Mon encrier, Tome 1/Réminiscence classique

Madame Jules Fournier (1p. 37-39).

RÉMINISCENCE CLASSIQUE[1]

Les journaux avaient annoncé que la Cour d’Appel rendrait jugement le mardi 7 décembre dans l’affaire Fournier-Langelier[2]. À la dernière minute, cependant, l’avocat[3] de l’appelant recevait, de Québec, une lettre l’informant que les honorables juges ajournaient leur décision à l’an prochain.

Est-ce à dire que ceux-ci n’ont pas eu le temps, depuis six mois, d’étudier cette fameuse affaire ? Cela nous paraît bien surprenant.

On serait plutôt porté à croire, ou bien qu’ils n’ont pas encore réussi à se mettre d’accord, ou bien que, tous ensemble, ils hésitent également, soit à renvoyer en prison l’ancien directeur du Nationaliste, soit à casser le jugement de M. Langelier.
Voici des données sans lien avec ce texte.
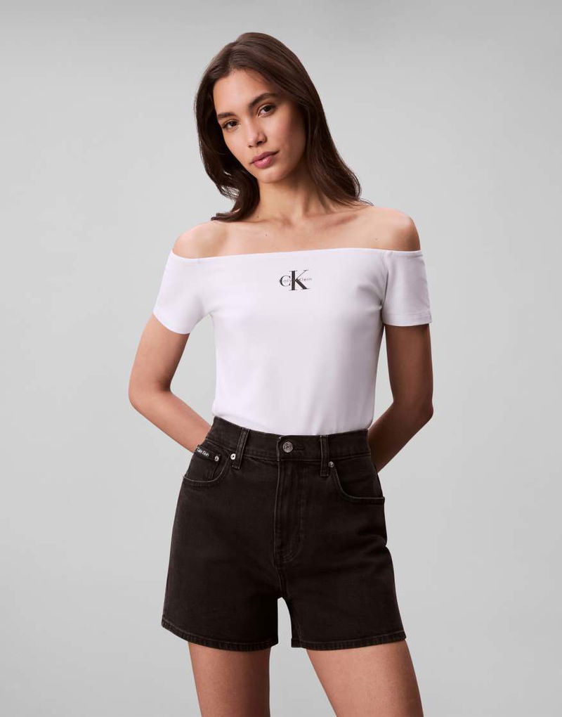 Jeans Short Sleeve Off Shoulder Logo T-shirt In White
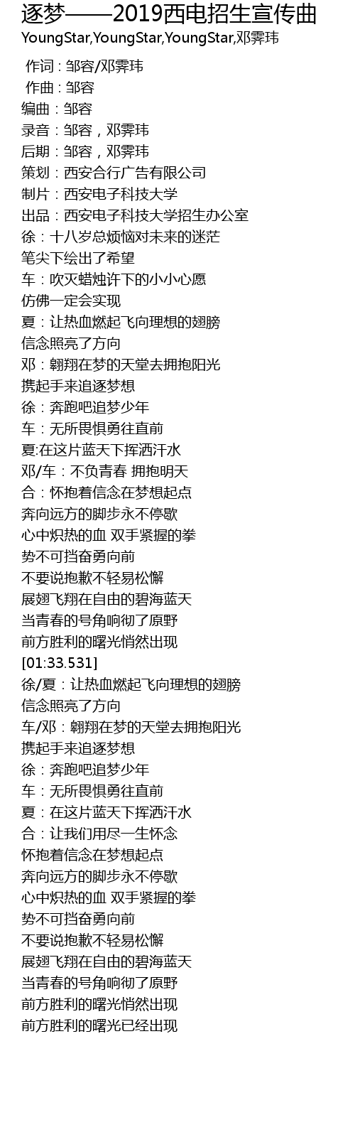 | [01:54.317] | 徐/夏:让热血燃起飞向理想的翅膀 |
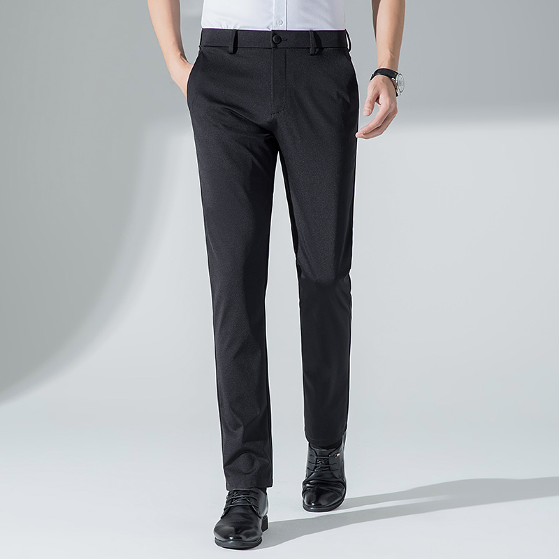 这款休闲裤选用了冰丝面料制作,穿着舒适透气,具有良好的透气性,搭配上修身的版型设计,上身效果非常好,尽显男士的干练气质。
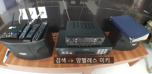 음주가무를 위해 거실에는 노래방 시스템이 준비되어 있습니다
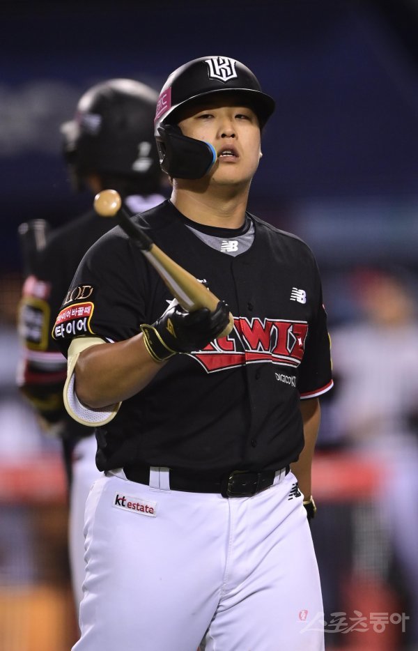 17일 서울 잠실야구장에서 열린 ‘2023 신한은행 SOL KBO리그’ LG 트윈스와 KT 위즈의 경기에서 7회초 무사 KT 강백호가 삼진 아웃을 당한 후 아쉬워하고 있다.
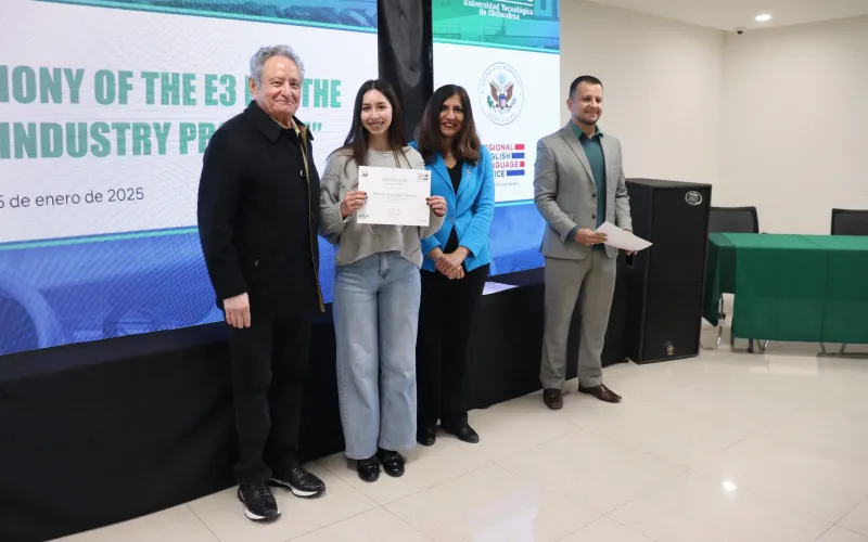 La Universidad Tecnológica de Chihuahua (UTCH) clausuró el Curso de Inglés Técnico para la Industria Aeronáutica, conocido como Programa E3 (Ética, Ingeniería y Empleabilidad), que reunió a estudiantes, docentes, autoridades universitarias, representantes de la Embajada de Estados Unidos y personal del sector industrial.
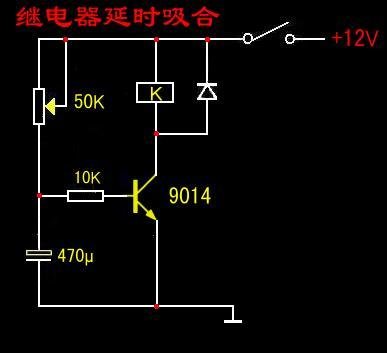 电路分析:当开关被按下的时候,12V的电压就会流经50K的电位器,电位器的一端,连接在10k电阻的位置,当有电压过来基极的时候,三极管被导通,三极管导通之后,集电极与发射极,形成了通路,继电器的线圈K通电,继电器吸合,常开触点,变成常闭触点。
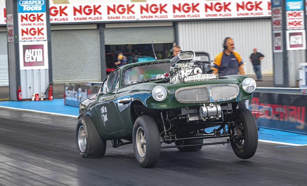 Owned and built by Somerset-based Lee Johnstone, the Volvo P1800 is raced by him and his three daughters – Ellie, Tori and Sarah – with supportive wife Sue also part of the team, which competes under the name of JD Racing (Johnstone & Daughters). Originally purchased as a stripped shell that was too far gone to restore as a road car, the Gasser has a 600bhp big block supercharged 454 Chevrolet V8 engine, which has powered it to run a quarter mile drag race in 10.01 seconds and reach a top speed of 133mph.
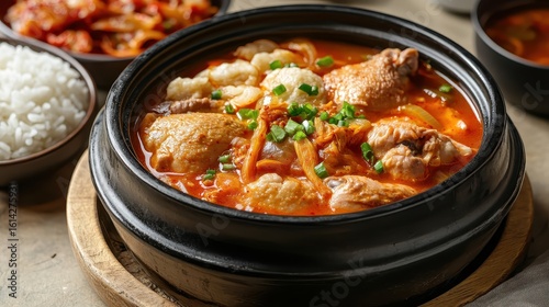 Delicious Korean Traditional Stew in Black Bowl with Ingredients
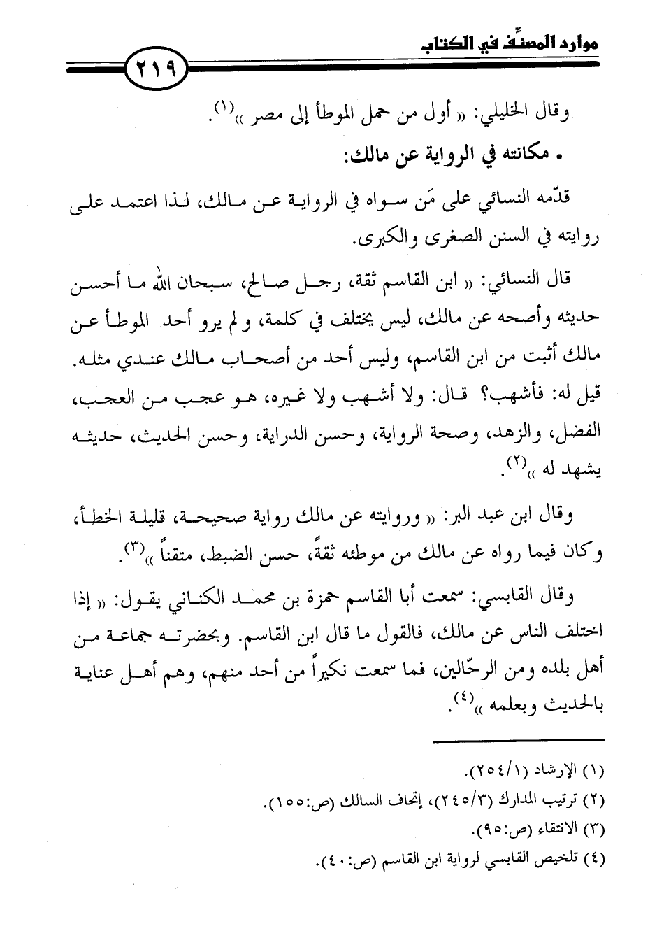 وقال القابسي: سمعت أبا القاسم حمزة بن محمد الكناني يقول: "إذا اختلف الناس عن مالك، فالقول ما قال ابن القاسم. وبحضرته جماعة من أهل بلده ومن الرحّالين، فما سمعت نكيرًا من أحد منهم، وهم أهل عناية بالحديث وبعلمه" (٤).

S’il en est ainsi, il n’y a rien d’impossible à ce que l’on ne connaisse guère avant vingt-cinq ans l’opinion des tribunaux sur cette question. Le fait ne serait pas sans précédent dans les annales judiciaires.

L’histoire ancienne nous offre là-dessus un exemple qui dépasse encore en grandeur les exploits identiques des juges de notre beau pays. Cn. Dolabella, qui fut proconsul en Asie, était un type un peu dans le genre de M. Jetté. Un jour qu’il avait à disposer d’une cause « merveilleusement obscure et difficile », il se trouva dans une telle perplexité " que pour la décision il envoya — nous conte à ce sujet le maître François Rabelais[4] — ès Aréopagites, en Athènes, entendre quel seroit sur ce leur advis et jugement. Et les Aréopagites d’Athènes, qui valaient bien, je pense, ceux de la Cour d’Appel de Québec, — les Aréopagites firent réponse « que cent ans après personnellement on leurs envoiast les parties contendantes, afin de respondre à certains interrogatoires qui n’estaient on (au) procès verbal contenuz. C’estoit à dire que tant grande leurs sembloit la perplexité et obscurité de la matière qu’ilz ne sçavoient qu’en dire ne juger. »

M. François Langelier ne connaît peut-être, pour sa part, aucune objection à un semblable arrangement.

Mais quant à nous, c’est autre chose : pour rien au monde nous ne voudrions nous exposer à faire de la prison passé l’âge de quatre-vingt-dix ans. La Cour d’Appel est donc respectueusement priée, par les présentes, de donner sa décision avant le 12 décembre 1974.

Nous voulons bien retourner en prison, si nous le méritons, mais nous supplions qu’en grâce on épargne cette épreuve à nos cheveux blancs.

  1. Nationaliste, 12 décembre 1909
  2. Où Jules Fournier fut condamné à trois mois de prison, par le juge François Langelier, pour avoir critiqué les jugements du juge François Langelier.
  3. Maître Laflamme.
  4. Pantagruel, Tiers livre, chapitre XLIV.